After decades of advocating global nuclear disarmament proved to be of no avail and, in the light of nuclear weapons proliferation in its immediate neighbourhood, India went nuclear in 1998, sending shock waves around the world. Earlier, what India had found particularly disappointing was the contemptuous rejection of the then Prime Minister Rajiv Gandhi's carefully thought out 1988 Plan For A Nuclear Weapons-Free And Non-Violent World Order by the five nuclear weapon powers of the elite NPT club.

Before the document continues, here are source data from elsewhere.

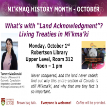 Join us for a brown bag talk by Tammy MacDonald, Director of Research and Outreach; Consultation Negotiation Coordinator Mi’kmaq Confederacy OF PEI.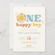 Celebrate your little one's first birthday with our "One Happy Boy" invitation! This minimalist design features a retro font, complemented by a watercolor sun and star accents. Set against a soft vintage white background, the muted colour scheme of blue, orange, and yellow enhances the nostalgic feel. Fully customisable to suit your special day, this invitation is perfect for announcing your boy's milestone celebration.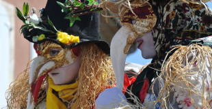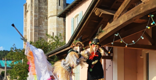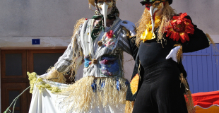 Animation déambulatoire de deux échassiers, Polichinaï et Polichinette.

Nevertheless, his disarmament plan continues to influence Indian thinking, though, after 1998, its policy stance has been that it will proceed with reductions leading to elimination of nuclear weapons only when a globally agreed plan within a time frame was enforced. Meanwhile, weapons and technology proliferation has been on the rise, further putting human security and human well-being at peril.
With a view to reviving public discussion of this issue, ORF invited the Hon'ble Douglas Roche, one of the world's, leading campaigners for disarmament, to address a selected gathering of eminent Indian experts on the critical issue at our campus on June 7, 2011. The meeting was chaired by Mr. Mani Shankar Aiyar, Member of Parliament, who is known internationally for his forceful advocacy of nuclear disarmament. He believes India should lead the world towards Nuclear Zero by unilaterally dispensing with its nuclear weapons.
This is particicularly important given that there is increasing securitisation of issues in Asia and India should not lose an opportune moment to take the initiative to the next level.